Affimer molecules are small proteins that bind to target proteins with affinity in the nanomolar range. These engineered non-antibody binding proteins are designed to mimic the molecular recognition characteristics of monoclonal antibodies in different applications. These affinity reagents have been optimized to increase their stability, make them tolerant to a range of temperatures and pH, reduce their size, and to increase their expression in E.coli and mammalian cells.
The NE-tag is a synthetic peptide tag designed as an epitope tag for detection, quantification and purification of recombinant protein. This patented peptide sequence is composed of eighteen hydrophilic amino acids. This short peptide does not adopt any significant homology to any existing proteins found in nature. This synthetic NE peptide adopts random coil conformation and showing strong immunogenicity. This is advantageous to offer stringent specificity to the NE-tagged proteins, which are readily to be detected, quantitated, and purified.

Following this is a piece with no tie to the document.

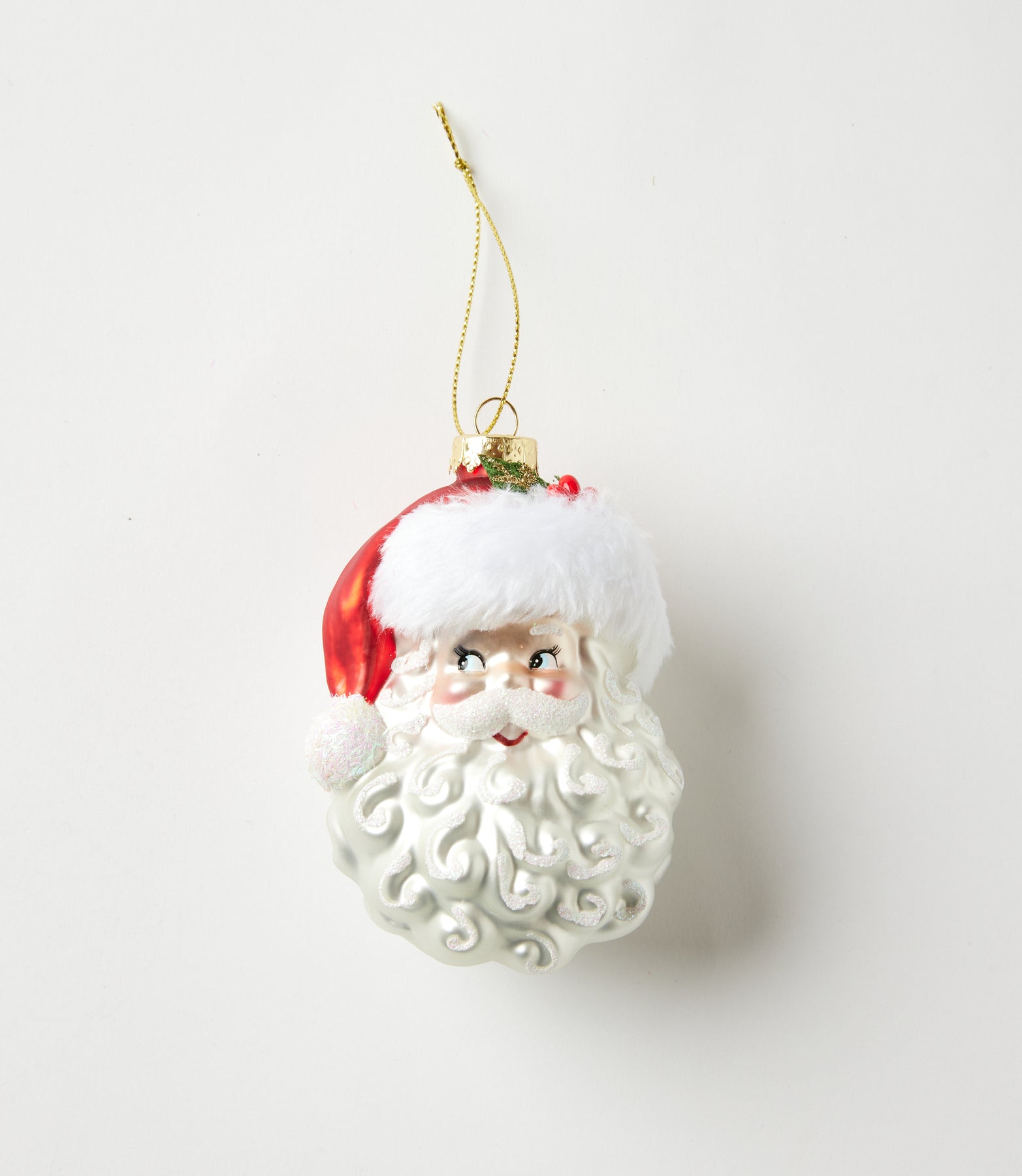 Add a cheerful sparkle to your tree with the Curly Beard Santa Glass Ornament. Made of glass, this festive piece features Santa with a bright smile, a fluffy white beard of soft curls, and a classic red hat trimmed with holly.

In the medical field of immunology, nanoCLAMP affinity reagents are recombinant 15 kD antibody mimetic proteins selected for tight, selective and gently reversible binding to target molecules. The nanoCLAMP scaffold is based on an IgG-like, thermostable carbohydrate binding module family 32 (CBM32) from a Clostridium perfringens hyaluronidase. The shape of nanoCLAMPs approximates a cylinder of approximately 4 nm in length and 2.5 nm in diameter, roughly the same size as a nanobody. nanoCLAMPs to specific targets are generated by varying the amino acid sequences and sometimes the length of three solvent exposed, adjacent loops that connect the beta strands making up the beta-sandwich fold, conferring binding affinity and specificity for the target.